• **Task prompt**
Leaving the images behind, copy every line of the records exactly.

• **Data excerpts**
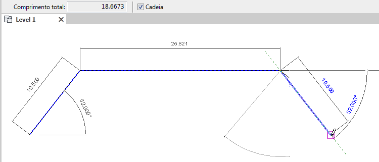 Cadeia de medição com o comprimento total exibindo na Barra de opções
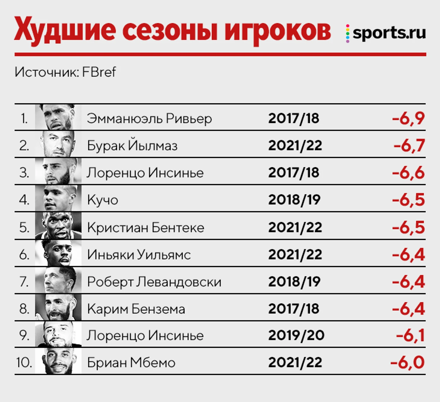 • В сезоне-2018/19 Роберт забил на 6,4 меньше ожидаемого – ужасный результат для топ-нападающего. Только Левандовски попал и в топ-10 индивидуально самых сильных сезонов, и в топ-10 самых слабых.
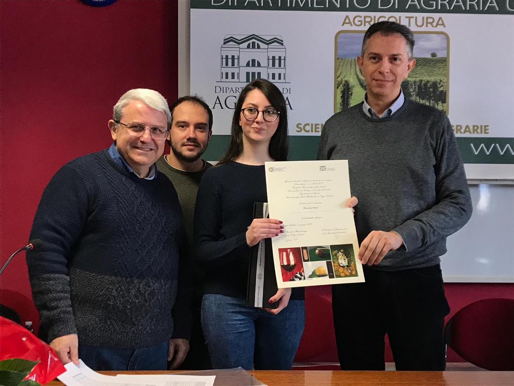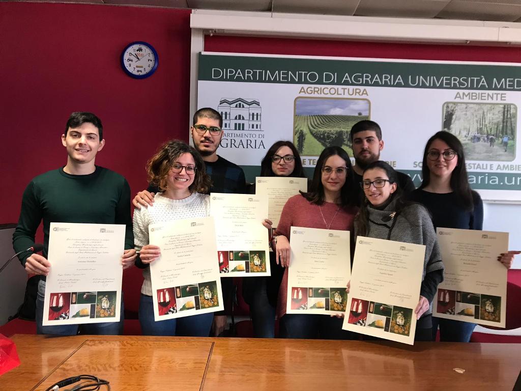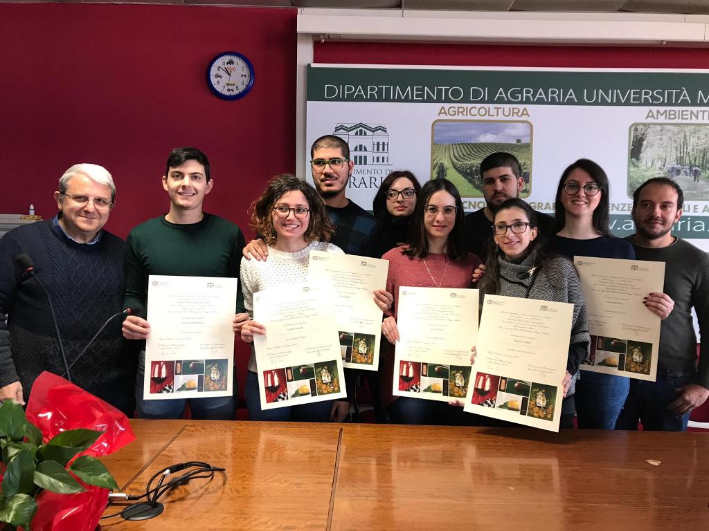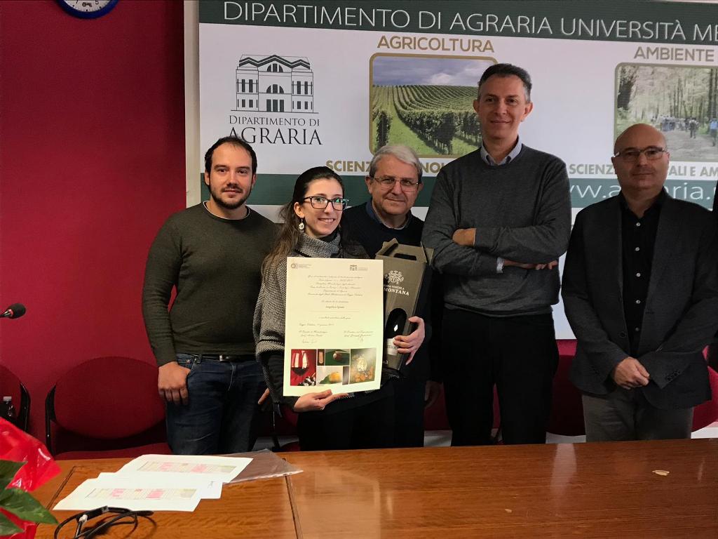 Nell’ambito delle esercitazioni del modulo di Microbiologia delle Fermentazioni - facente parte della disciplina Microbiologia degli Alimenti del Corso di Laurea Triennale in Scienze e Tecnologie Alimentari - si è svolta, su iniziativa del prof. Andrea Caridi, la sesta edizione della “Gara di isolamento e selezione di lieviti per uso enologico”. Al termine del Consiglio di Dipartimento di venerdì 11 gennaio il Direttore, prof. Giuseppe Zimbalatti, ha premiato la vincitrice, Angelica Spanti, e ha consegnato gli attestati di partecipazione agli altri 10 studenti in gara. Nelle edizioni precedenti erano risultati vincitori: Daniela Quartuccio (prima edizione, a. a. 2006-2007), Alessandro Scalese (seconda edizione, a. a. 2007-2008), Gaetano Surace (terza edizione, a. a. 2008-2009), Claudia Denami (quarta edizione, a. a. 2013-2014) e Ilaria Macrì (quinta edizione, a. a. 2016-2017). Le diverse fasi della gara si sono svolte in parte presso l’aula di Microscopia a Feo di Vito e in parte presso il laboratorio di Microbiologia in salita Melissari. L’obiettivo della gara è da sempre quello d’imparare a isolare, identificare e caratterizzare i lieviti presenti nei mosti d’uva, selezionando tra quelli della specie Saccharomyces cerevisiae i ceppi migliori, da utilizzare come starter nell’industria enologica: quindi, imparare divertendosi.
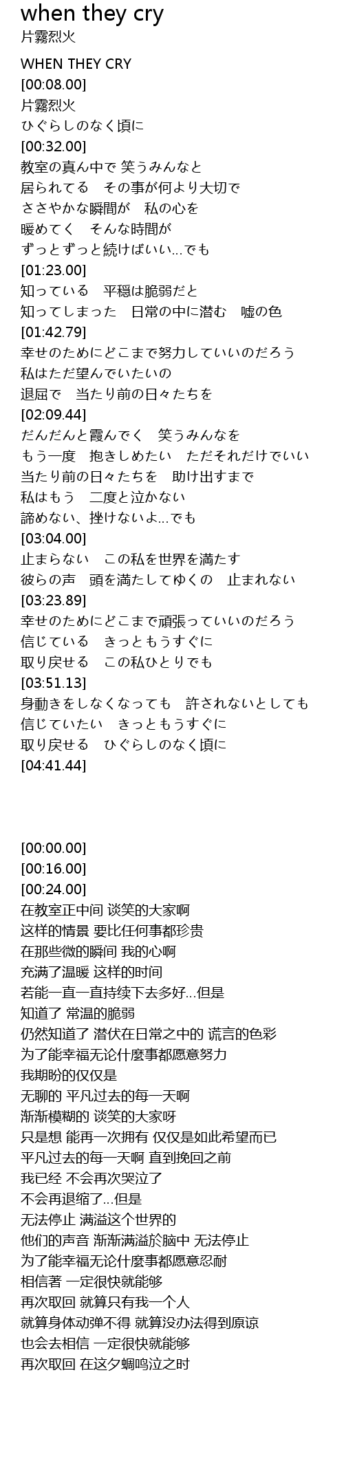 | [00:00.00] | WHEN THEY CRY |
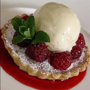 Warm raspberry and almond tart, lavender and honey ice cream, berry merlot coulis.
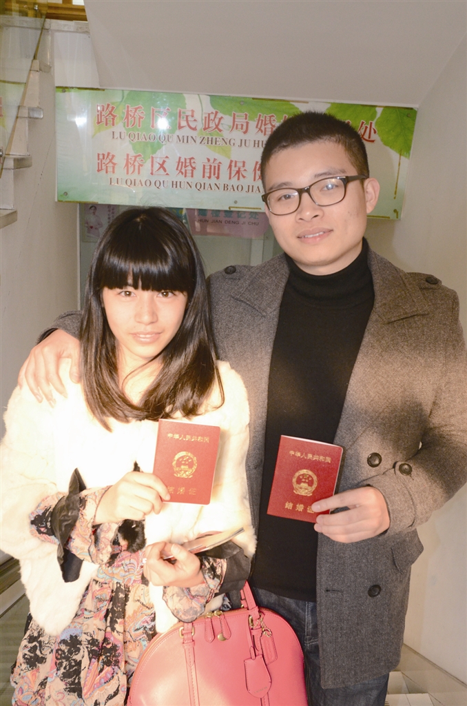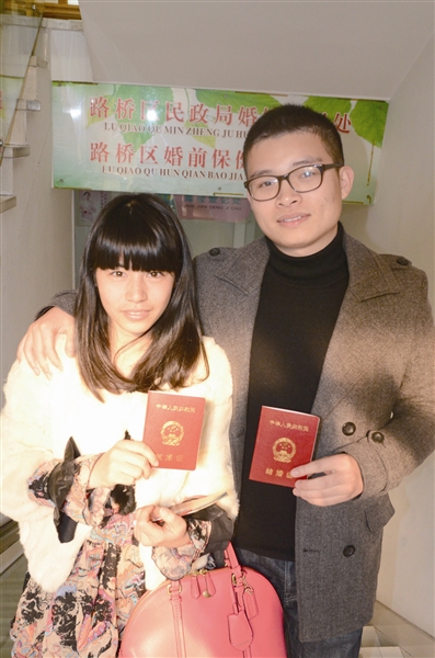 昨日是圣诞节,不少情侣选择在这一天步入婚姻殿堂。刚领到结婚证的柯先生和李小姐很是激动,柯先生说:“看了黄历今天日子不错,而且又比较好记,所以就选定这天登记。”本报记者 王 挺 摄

• **Written response**
 Cadeia de medição com o comprimento total exibindo na Barra de opções
 • В сезоне-2018/19 Роберт забил на 6,4 меньше ожидаемого – ужасный результат для топ-нападающего. Только Левандовски попал и в топ-10 индивидуально самых сильных сезонов, и в топ-10 самых слабых.
 Nell’ambito delle esercitazioni del modulo di Microbiologia delle Fermentazioni - facente parte della disciplina Microbiologia degli Alimenti del Corso di Laurea Triennale in Scienze e Tecnologie Alimentari - si è svolta, su iniziativa del prof. Andrea Caridi, la sesta edizione della “Gara di isolamento e selezione di lieviti per uso enologico”. Al termine del Consiglio di Dipartimento di venerdì 11 gennaio il Direttore, prof. Giuseppe Zimbalatti, ha premiato la vincitrice, Angelica Spanti, e ha consegnato gli attestati di partecipazione agli altri 10 studenti in gara. Nelle edizioni precedenti erano risultati vincitori: Daniela Quartuccio (prima edizione, a. a. 2006-2007), Alessandro Scalese (seconda edizione, a. a. 2007-2008), Gaetano Surace (terza edizione, a. a. 2008-2009), Claudia Denami (quarta edizione, a. a. 2013-2014) e Ilaria Macrì (quinta edizione, a. a. 2016-2017). Le diverse fasi della gara si sono svolte in parte presso l’aula di Microscopia a Feo di Vito e in parte presso il laboratorio di Microbiologia in salita Melissari. L’obiettivo della gara è da sempre quello d’imparare a isolare, identificare e caratterizzare i lieviti presenti nei mosti d’uva, selezionando tra quelli della specie Saccharomyces cerevisiae i ceppi migliori, da utilizzare come starter nell’industria enologica: quindi, imparare divertendosi.
 | [00:00.00] | WHEN THEY CRY |
 Warm raspberry and almond tart, lavender and honey ice cream, berry merlot coulis.
 昨日是圣诞节,不少情侣选择在这一天步入婚姻殿堂。刚领到结婚证的柯先生和李小姐很是激动,柯先生说:“看了黄历今天日子不错,而且又比较好记,所以就选定这天登记。”本报记者 王 挺 摄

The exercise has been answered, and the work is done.